Ciência e democracia

Poder econômico fala mais alto nas eleições e maioria parlamentar não reflete a composição da sociedade
por Redação da RBA publicado , última modificação 05/04/2018 12h46
Poder econômico fala mais alto nas eleições e maioria parlamentar não reflete a composição da sociedade
Marcello Casal/abr
Amazônia

Avanço do pasto: interesses de proprietários não podem se sobrepor aos da Amazônia

O neurocientista Miguel Nicolelis – nosso entrevistado à página 20 – é um dos mais respeitados no meio científico internacional. No Brasil, é também conhecido por sua conduta multidisciplinar. Ou seja, não se restringe a comentar suas pesquisas sobre o mal de Parkinson ou a paralisia. Fala em modificar a educação para melhorar o potencial de aprendizado do ser humano. Em popularizar a ciência e aproximá-la da vida real das pessoas – porque a entende como semeadora de transformação social. E critica a democracia limitada, dentro da qual o povo delega aos políticos a tarefa de cuidar dos assuntos de interesse da coletividade.

A Constituição já concede à sociedade o direito de expandir sua voz na gestão do Estado, de se organizar em fóruns que expressem seus anseios e de fiscalizar os poderes. Mas, nesse terreno, apenas engatinhamos.

Um exemplo do poder de influência da sociedade se deu em torno da Medida Provisória 458. Antes de virar lei sobre a regularização fundiária, a medida partiu do Executivo para o Congresso apelidada de “MP da Amazônia”. No Congresso, foi modificada pelos deputados da bancada ruralista, que privilegiaram seus interesses econômicos. Terras da União irregularmente ocupadas poderiam ter sua titulação regularizada em nome de particulares. Por isso, a medida saiu de lá batizada de “MP da Grilagem”.
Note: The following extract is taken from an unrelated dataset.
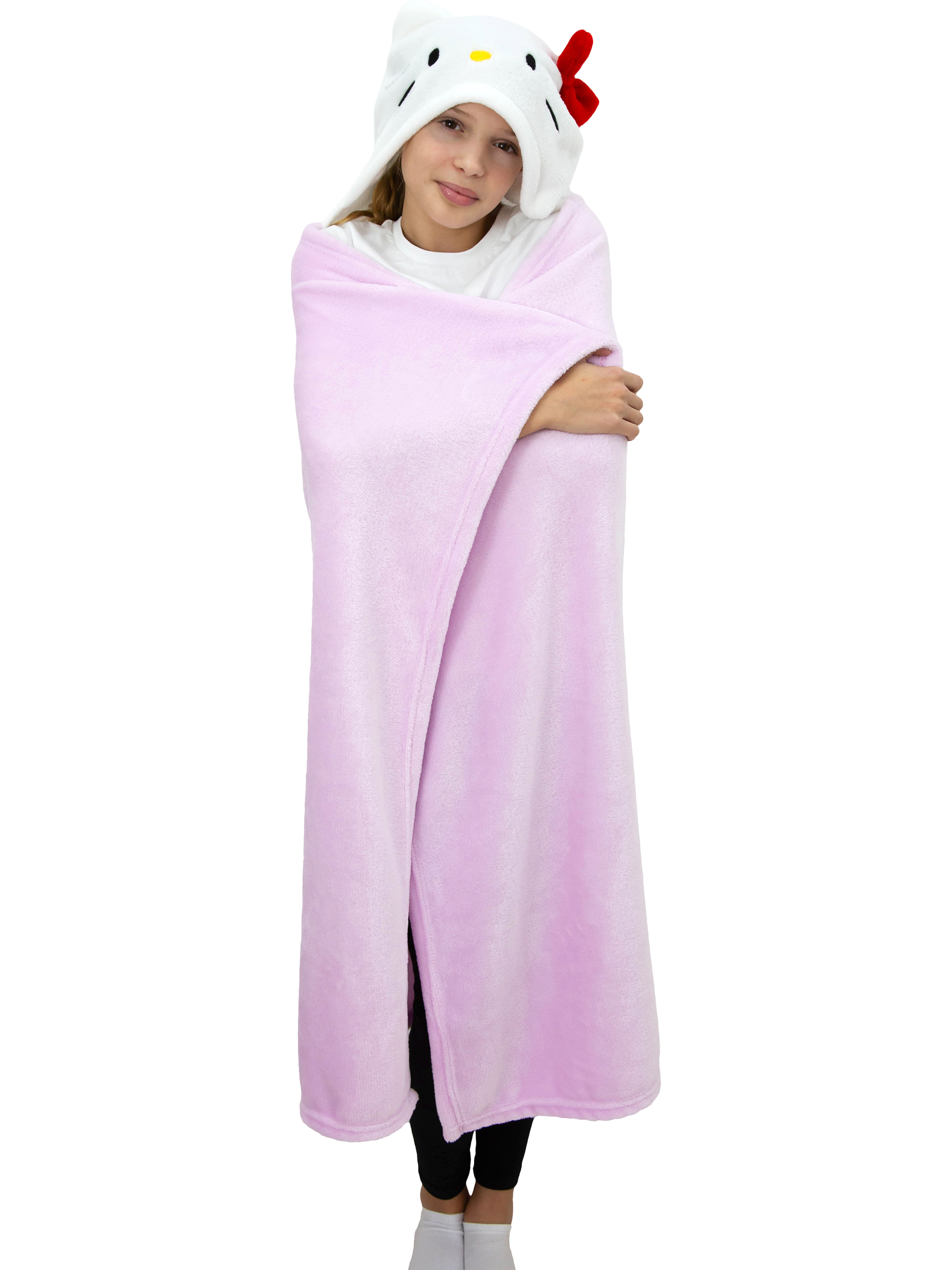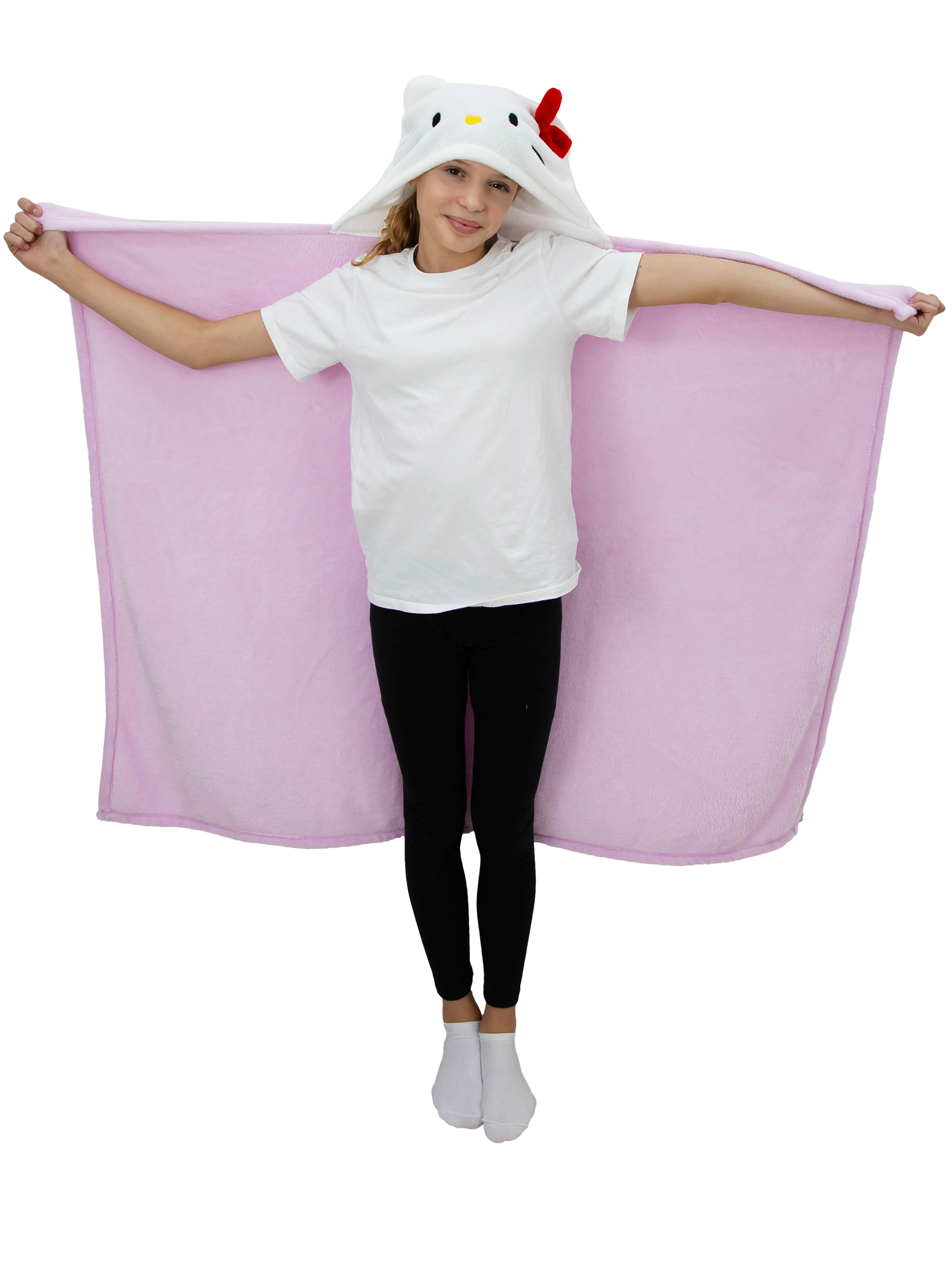 Packed with detail, this wearable blanket features a soft, strokable Hello Kitty hood with embroidered eyes, nose and whiskers, with her famous red bow. The fleece and hood are soft to the touch and thick enough to keep warm, but lightweight and easy to fold up to a compact size, making it great for car journeys and travel.

O presidente Lula vetou a transferência de terras para empresas e pessoas que exploram indiretamente a área ou tenham imóvel rural em outra região do país. O respaldo ao veto veio dos movimentos sociais, sindical, de ambientalistas, especialistas e de autoridades públicas que têm por hábito ouvi-los. Lula atendeu apenas em parte os movimentos, que queriam também maior rigor em relação às fatias “desmatáveis” dessas propriedades. Assim, por limitação da força participativa da sociedade e pela distorção do poder “representativo” dos parlamentares, estes também acabaram parcialmente atendidos.

E por que “representativo” entre aspas? Porque o poder econômico ainda fala alto nos processos eleitorais e a maioria parlamentar não reflete a composição da sociedade.

Isso evidencia a necessidade de fortalecer a democracia participativa, de ampliar o poder de influên­cia das maiorias nas decisões do Estado e avançar para uma reforma política que discuta desde financiamentos de campanhas a legitimidade de partidos; de quantidade de parlamentares por habitantes à sua funcionalidade; e até mesmo se o Poder Legislativo precisa de um Senado para cumprir o seu papel.